Life on a small farm can be reflective and beautiful. Each season provides a new canvas for natures art combined with a farmers influence.
The end of winter can be trying as the final fits of snow and weather delays the birth of spring. Appreciation of the landscape can be overshadowed by daily chores, worries, and an endless list of things to mend as nature takes its annual toll.
And when I received Sandi Haber Fiflield’s “Between Planting and Picking” photo book in the mail, I was treated to an artful, reflective view of small farm life that allowed me to pause and enjoy her images.
Haber Fifield has found the hidden beauty of small farms and shares 54 artful images of the time between the promises of spring and the reward of autumn’s harvest. These are fresh images, most likely familar to the farmer and new to the non farmer.
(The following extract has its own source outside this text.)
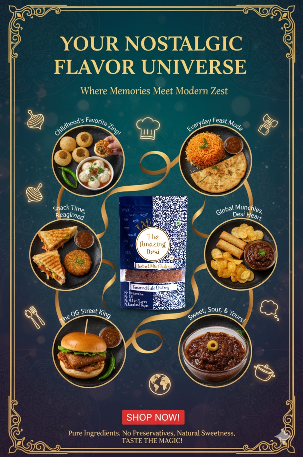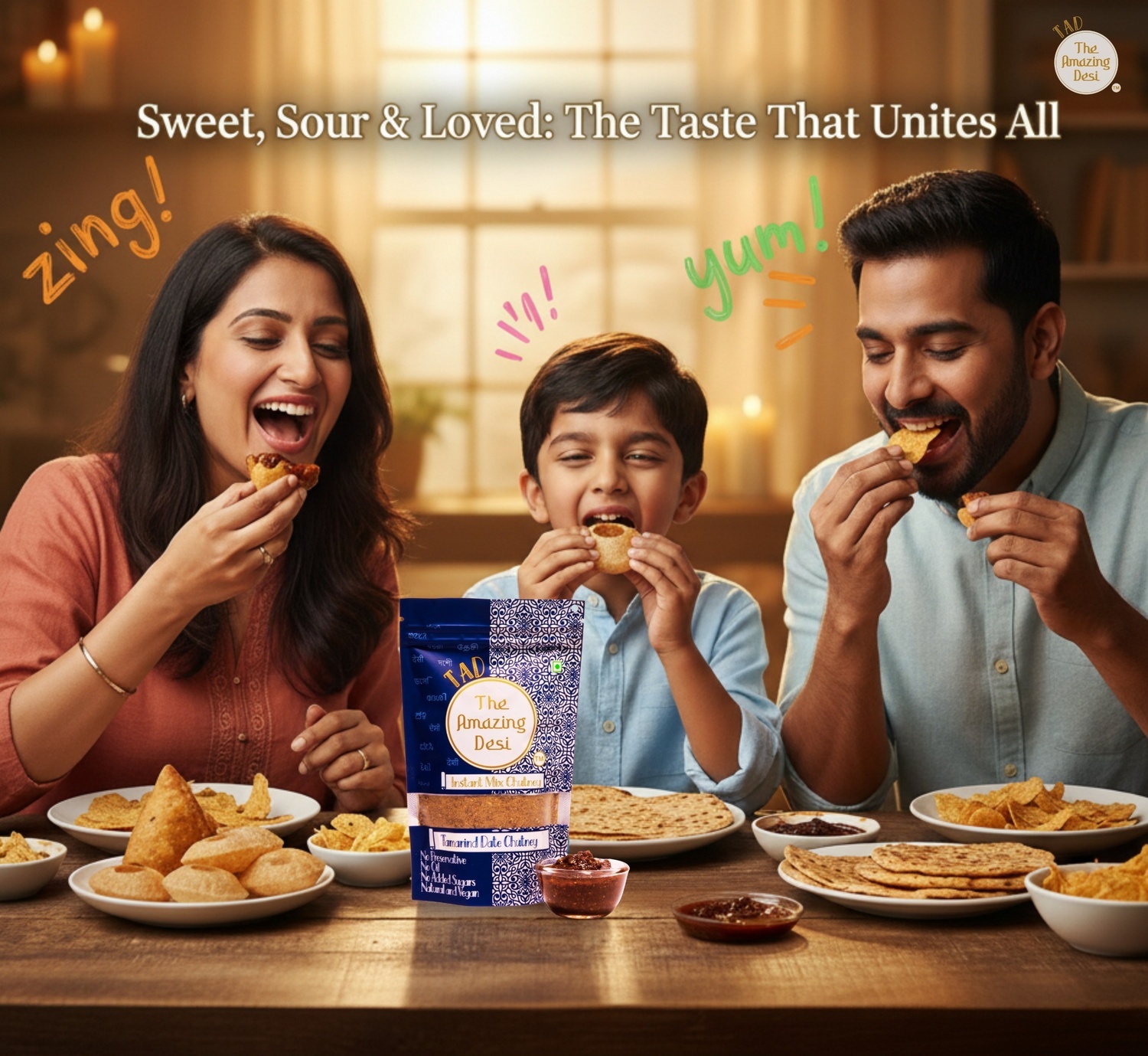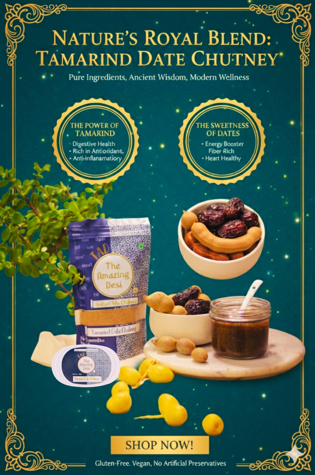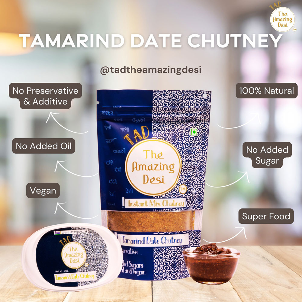 TAD Tamarind Date Chutney is a cherished traditional Indian recipe, celebrated for its distinctive flavours and versatility in both sweet and savoury dishes. Explore its endless culinary pairings – from Samosas, Pakoras, and Chaats, the quintessential street food, to the flavour-enhancing Biryani. The chutney delights with its sweet and tangy notes, heightened by the subtle kick of Kashmiri red chili. Beyond taste, it offers notable health benefits, with tamarind’s antioxidants neutralizing free radicals, Dates contributing to energy and digestive health, Jeera aiding digestion, and Kashmiri red chili potentially boosting metabolism. A captivating taste experience, blending harmoniously in every way.
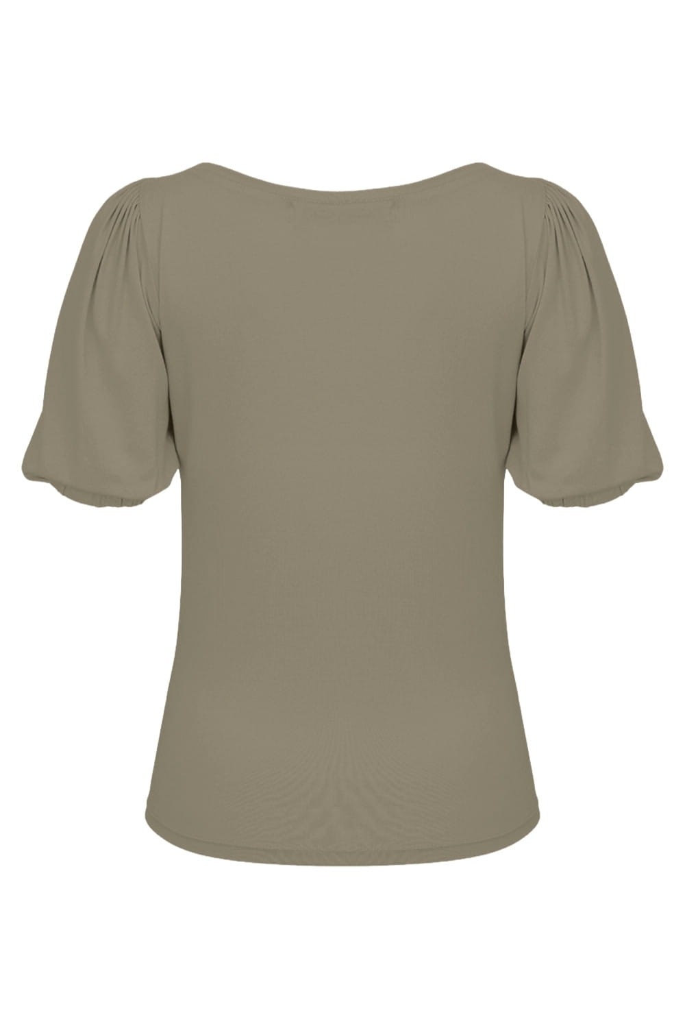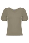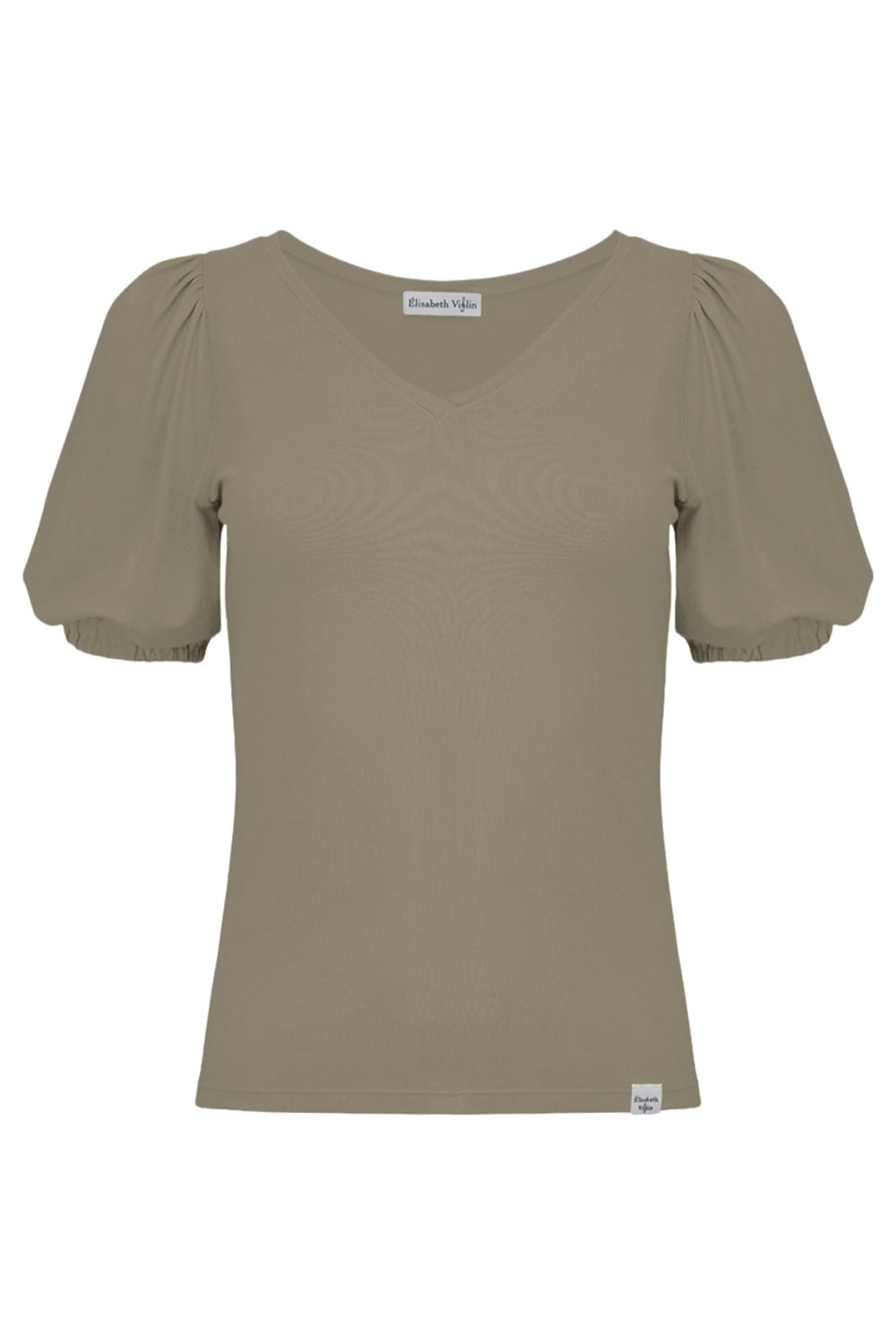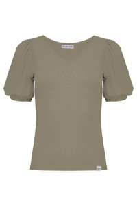 VIVA - Silver Sage - wiskozowa taliowana bluzka z dekoltem w serek i krótkimi rękawami z bufkami zakończonymi gumką

These scenes are captured from spaces reserved for those who work and relish the work of the land.
The images are best viewed in print, a computer screen can only do them so much justice and the book is a sample of the gallery show which opens March 3 and runs through April 16 at Rick Wester Fine Art in New York City.
Haber Fifield’s project began in June 2009 and continued through the fall of 2010. The artist photographed family owned farms spanning New England to the West Coast and the Pacific Northwest. Teeming with the verdant and lush colors of these fertile fields, Haber Fifield made pictures that delicately balance the geographic with the geometric, while using the agricultural landscape to create a complex vocabulary of visual associations. Less documentary in nature and more about challenging her own vision, she finds in the unending cycle of growth and harvest a metaphor for her own image-making.
The monograph includes essays by Dominique Browning and Leslie K. Brown. Their insight and discussion of the images put words to the feelings and emotions captured by Haber Fifield’s work.
Josh Viertel, President of Slow Food USA writes of the book, “Here are pictures of small farms, where food is grown with integrity, and of simple places that are beautiful because of the work that is done there.”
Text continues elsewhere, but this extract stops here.